[Source data Boundary: Start]

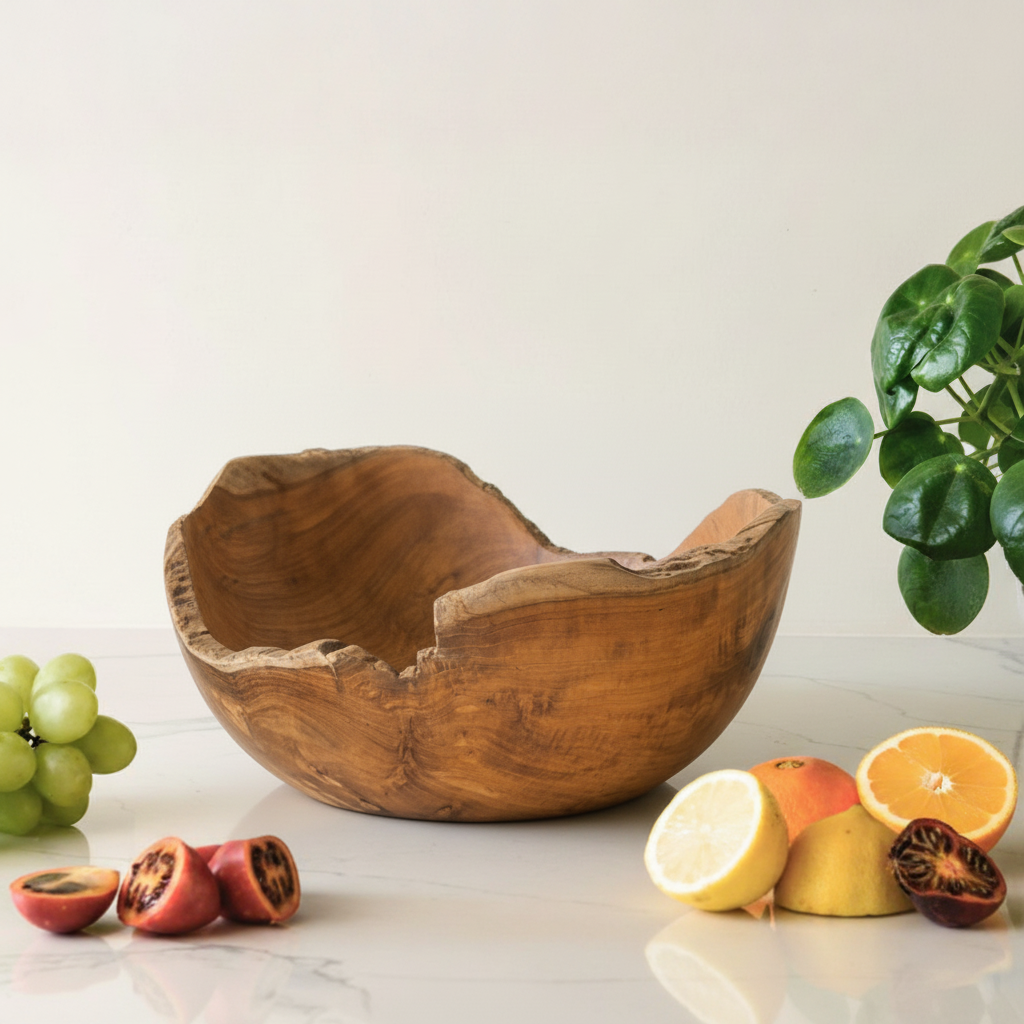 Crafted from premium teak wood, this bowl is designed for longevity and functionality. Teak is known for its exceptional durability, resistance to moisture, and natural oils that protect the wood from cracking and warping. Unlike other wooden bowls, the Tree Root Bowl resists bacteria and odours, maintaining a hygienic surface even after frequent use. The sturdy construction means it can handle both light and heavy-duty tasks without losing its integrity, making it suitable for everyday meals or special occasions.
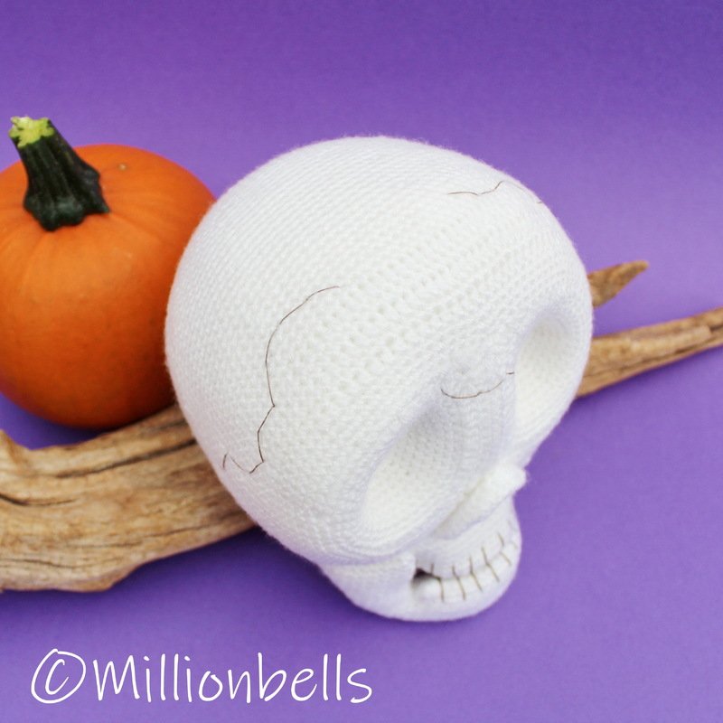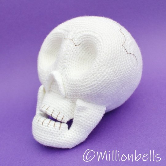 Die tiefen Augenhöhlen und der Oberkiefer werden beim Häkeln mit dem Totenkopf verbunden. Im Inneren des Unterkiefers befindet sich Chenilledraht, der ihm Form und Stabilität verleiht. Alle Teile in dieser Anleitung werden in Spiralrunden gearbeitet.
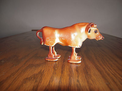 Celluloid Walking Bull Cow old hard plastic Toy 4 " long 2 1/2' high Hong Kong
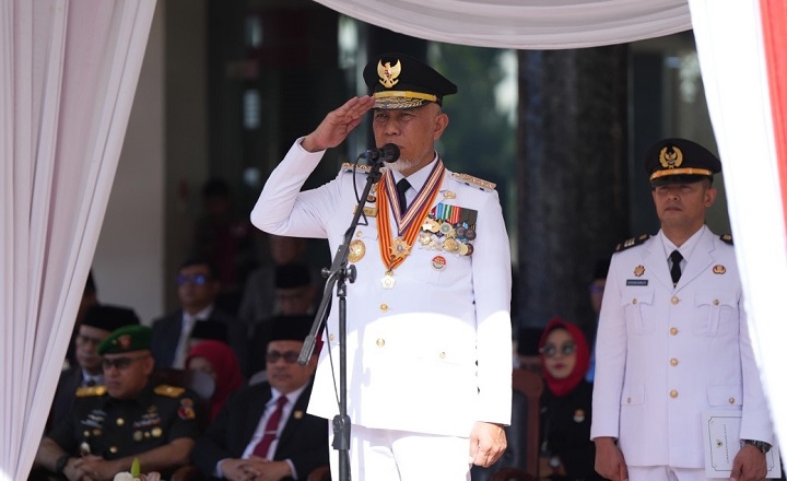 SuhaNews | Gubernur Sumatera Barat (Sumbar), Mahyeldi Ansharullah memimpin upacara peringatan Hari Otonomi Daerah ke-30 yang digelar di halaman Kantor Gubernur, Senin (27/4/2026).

[Source data Boundary: End]
[Source data Boundary: Start]

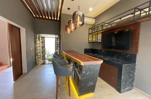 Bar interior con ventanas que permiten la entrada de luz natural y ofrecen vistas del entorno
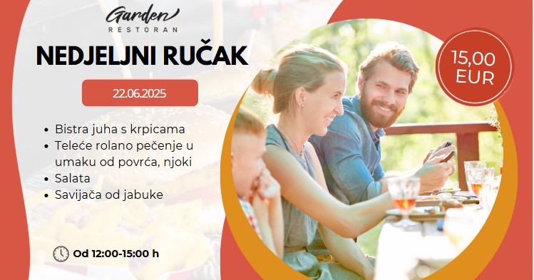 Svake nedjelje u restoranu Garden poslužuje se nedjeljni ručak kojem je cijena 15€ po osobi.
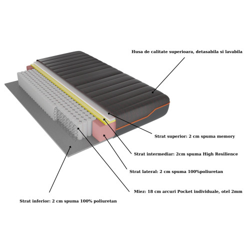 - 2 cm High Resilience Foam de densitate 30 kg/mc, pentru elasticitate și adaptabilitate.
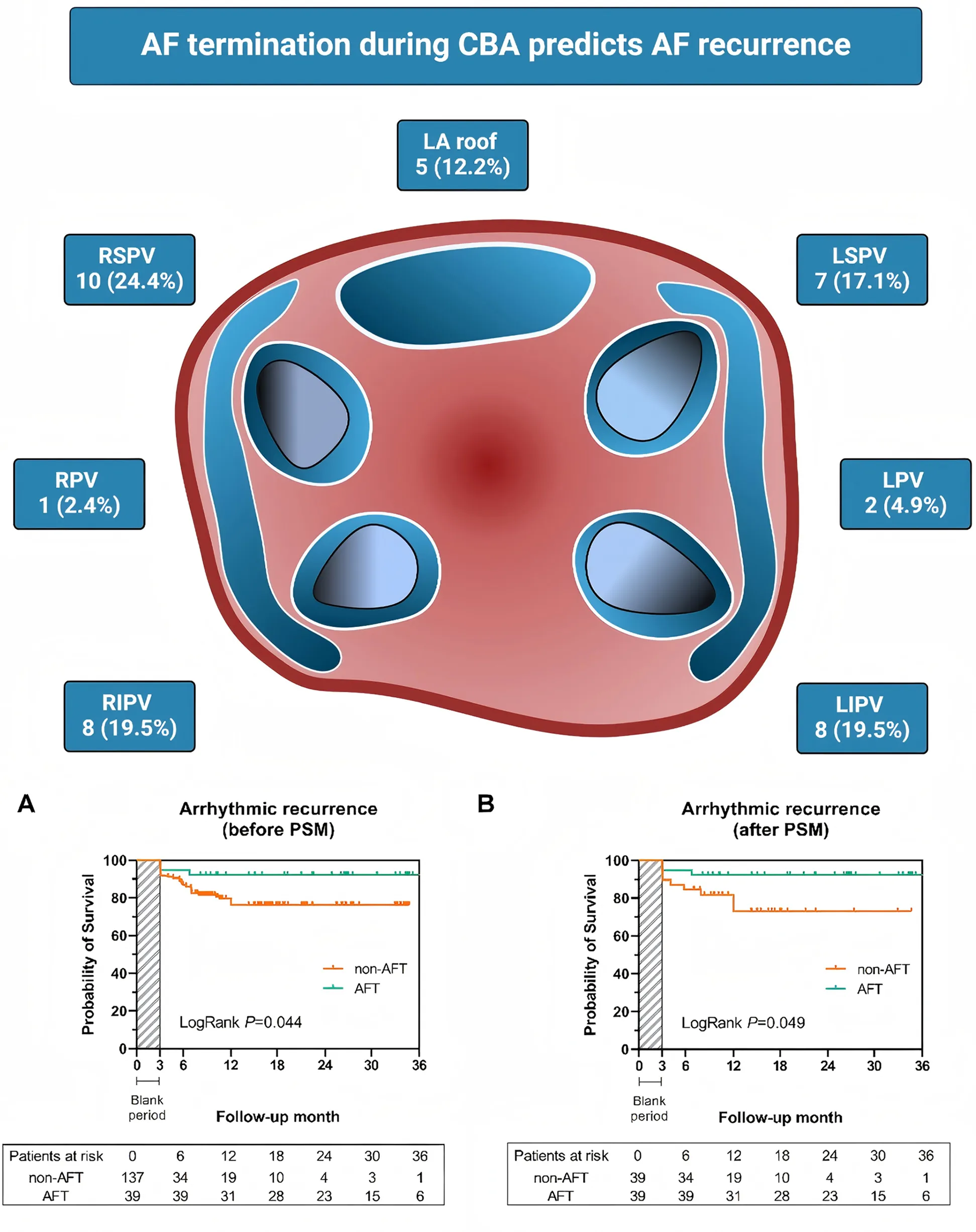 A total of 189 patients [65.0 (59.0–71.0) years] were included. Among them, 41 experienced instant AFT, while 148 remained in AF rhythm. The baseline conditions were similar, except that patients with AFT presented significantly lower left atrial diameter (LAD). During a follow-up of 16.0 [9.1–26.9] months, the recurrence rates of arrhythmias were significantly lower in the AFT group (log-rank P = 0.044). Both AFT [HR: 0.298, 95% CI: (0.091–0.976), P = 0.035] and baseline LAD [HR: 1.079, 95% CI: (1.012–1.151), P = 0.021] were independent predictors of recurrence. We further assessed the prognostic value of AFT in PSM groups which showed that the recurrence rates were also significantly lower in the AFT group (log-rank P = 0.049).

[Source data Boundary: End]
[Source data Boundary: Start]

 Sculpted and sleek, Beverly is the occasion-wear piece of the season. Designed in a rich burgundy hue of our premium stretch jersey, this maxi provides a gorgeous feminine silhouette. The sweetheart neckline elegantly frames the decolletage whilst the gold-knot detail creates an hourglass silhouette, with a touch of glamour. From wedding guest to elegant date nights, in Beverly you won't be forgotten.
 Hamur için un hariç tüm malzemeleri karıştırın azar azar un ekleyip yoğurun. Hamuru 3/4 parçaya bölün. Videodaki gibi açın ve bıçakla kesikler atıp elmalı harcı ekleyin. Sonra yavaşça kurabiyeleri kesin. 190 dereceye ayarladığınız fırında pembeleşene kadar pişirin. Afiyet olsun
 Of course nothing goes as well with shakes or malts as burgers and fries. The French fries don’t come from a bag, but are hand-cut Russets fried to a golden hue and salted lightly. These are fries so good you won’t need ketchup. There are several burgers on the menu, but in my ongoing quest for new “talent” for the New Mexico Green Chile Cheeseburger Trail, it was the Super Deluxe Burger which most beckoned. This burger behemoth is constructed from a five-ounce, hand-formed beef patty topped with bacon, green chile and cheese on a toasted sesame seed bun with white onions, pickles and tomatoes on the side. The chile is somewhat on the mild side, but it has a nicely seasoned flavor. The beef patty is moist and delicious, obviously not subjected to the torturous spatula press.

[Source data Boundary: End]

• _Try it_: For this task, write out exactly the lines of the entries above, starting at the line with "Sculpted and sleek, Beverly" and ending at the line with "Hamur için un", both included, and no others.

• _Answer space_:
 Sculpted and sleek, Beverly is the occasion-wear piece of the season. Designed in a rich burgundy hue of our premium stretch jersey, this maxi provides a gorgeous feminine silhouette. The sweetheart neckline elegantly frames the decolletage whilst the gold-knot detail creates an hourglass silhouette, with a touch of glamour. From wedding guest to elegant date nights, in Beverly you won't be forgotten.
 Hamur için un hariç tüm malzemeleri karıştırın azar azar un ekleyip yoğurun. Hamuru 3/4 parçaya bölün. Videodaki gibi açın ve bıçakla kesikler atıp elmalı harcı ekleyin. Sonra yavaşça kurabiyeleri kesin. 190 dereceye ayarladığınız fırında pembeleşene kadar pişirin. Afiyet olsun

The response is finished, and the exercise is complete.